This enables investors, whether local or foreign, to get up and running quickly and start focusing on business opportunities in Morocco.
That said, incorporating a company will require thorough preparation in advance and tailored support to avoid any potential complications during the incorporation process.
In this light, we will review the various steps involved in incorporating a company and starting a business in Morocco.
Foreign businesses have several legal forms to choose in order to carry out their activities in Morocco. The different types of company in Morocco fall into three main categories:
Partnerships: General partnership, restricted partnership and joint venture.
Capital Companies: Limited Liability Company, Public Limited Company, Simplified Public Limited Company and Partnership limited by shares.
The Branch Office
In Morocco, the legal forms of companies most commonly used are the limited liability company (SARL) and the public limited company (SA).
The SARL is the legal structure usually chosen by investors since it represents more than 97% of the 162,877 companies incorporated during the period 2010-2014 according to the Moroccan Office of Industrial and Commercial Property (OMPIC).
For these reasons, we will only explain the features of the SARL, the SA and the branch:
This legal form is generally suitable for small and medium-sized enterprises and has the following main characteristics
Non-free transferability, except between spouses or relatives, and non-negotiability of the company shares.
A minimum of two founding partners, except for single-member SARLs.
There is no lower limit in terms of minimum share capital. However, it is preferable for reasons of credibility with your future partners (banks, customers, suppliers) to have a share capital of at least 100 000 MAD.
The director(s) of the SARL are not required to be resident in Morocco or to hold shares in the company.
If the SARL’s turnover (excluding tax) exceeds MAD 50,000,000, an auditor must be appointed.
This is the second most popular legal form in Morocco. The shareholders hold a negotiable security (share) and their liability for losses is limited to the amount of their contribution.
The main characteristics of the SA are :
the free transfer and negotiability of shares.
A minimum of 5 shareholders.
Minimum share capital of 300,000 MAD or 3,000,000 MAD in case of a public offer
An auditor must be appointed.
There are two types of public limited companies:
A public limited company managed by a management board (at least three members and at most twelve members).
A public limited company run by a management board responsible for the management of the company and a supervisory board which controls the management of the management board on behalf of the shareholders.
A Branch Office is a company established by a foreign parent company.

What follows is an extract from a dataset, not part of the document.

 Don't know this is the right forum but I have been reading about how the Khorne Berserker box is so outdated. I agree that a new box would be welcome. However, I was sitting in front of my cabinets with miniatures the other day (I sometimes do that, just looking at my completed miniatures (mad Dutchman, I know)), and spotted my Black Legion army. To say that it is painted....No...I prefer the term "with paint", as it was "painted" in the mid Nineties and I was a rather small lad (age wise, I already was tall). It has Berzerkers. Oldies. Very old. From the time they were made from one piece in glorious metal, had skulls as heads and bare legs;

As such, it has no legal authority (legal personality) or assets (own property or share capital) separate from the parent company.
The shareholders of the SAS must be companies with a share capital of at least 2,000,000 dirhams, which is the value of exchange in foreign currency.

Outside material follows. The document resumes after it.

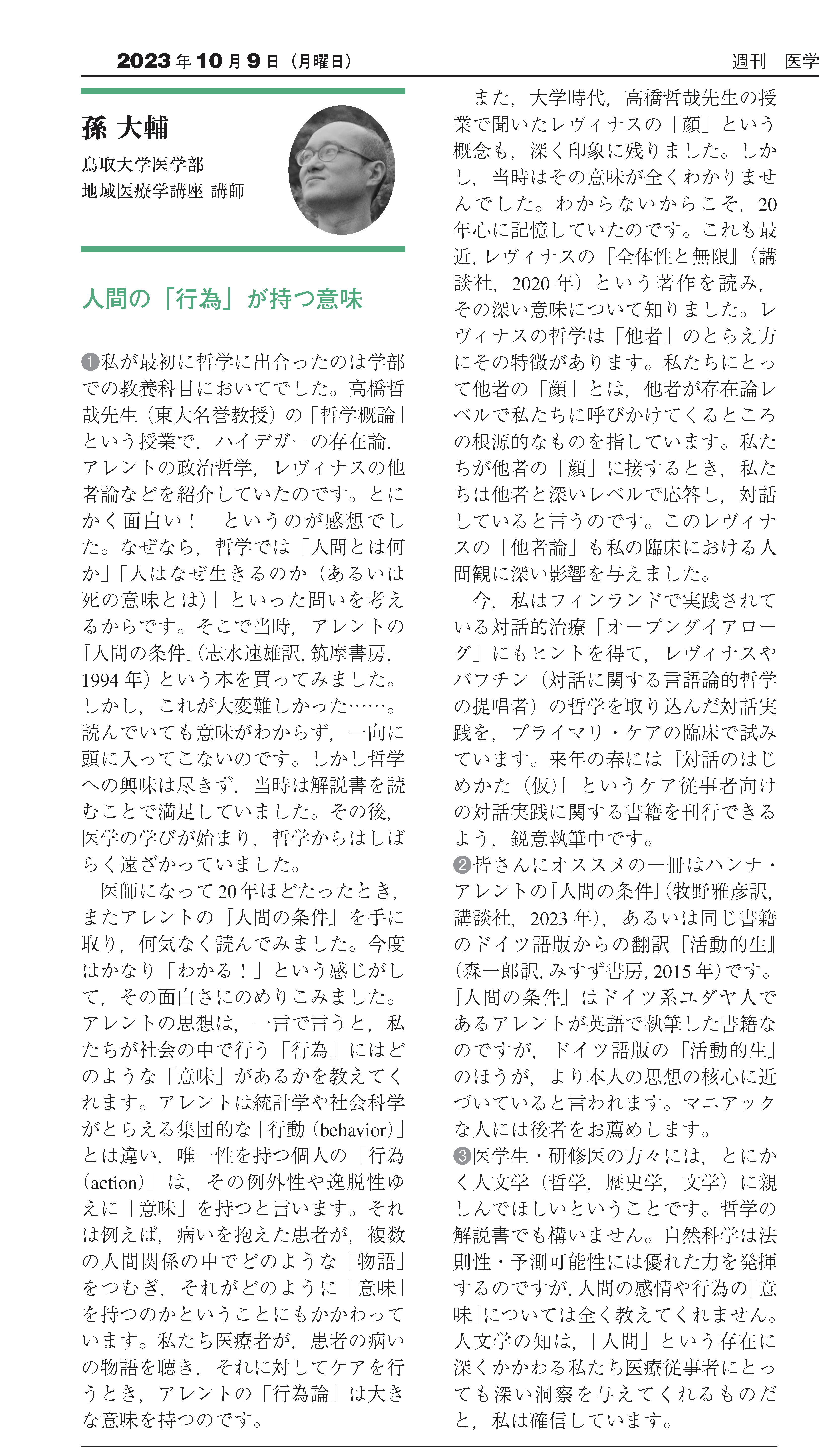 10月9日の週刊医学界新聞の特集「人文・社会科学領域の知と臨床実践の近接するところ」に孫講師の文章が掲載されました。「人間の『行為』が持つ意味」と題して、哲学・人文学に馴染むことが臨床実践にどのような意味を持つのかといった内容です。

The SAS is a joint stock company which is not subject to restrictive rules such as those of a public limited company or a limited liability company. The management provisions are in the articles of association. The only requirement is to appoint a chairman.
A Branch Office is a company established by a foreign parent company. As such, it has no legal authority (legal personality) or assets (own property or share capital) separate from the parent company.
The Branch Office is managed by the legal representative of the head office, who is usually an employee.
As the SARL is the legal form most used by investors in Morocco, we will describe its incorporation process. The incorporation of SAs and branches will be the subject of another blog post.
The Negative Certificate is an administrative document issued by the Moroccan Office of Industrial and Commercial Property (OMPIC). This administration acts as a business search in Morocco or a business directory in Morocco and periodically updates the list of businesses in Morocco. It certifies that the business name applied for by the investor is available and can be registered in the trade register.
The application for a Negative Certificate is made online on the OMPIC website, and its validity period has been recently reduced to 90 days.
To be duly registered, any company in Morocco must have a registered office address.
In this respect, two options are possible:
Renting premises by signing a commercial lease contract.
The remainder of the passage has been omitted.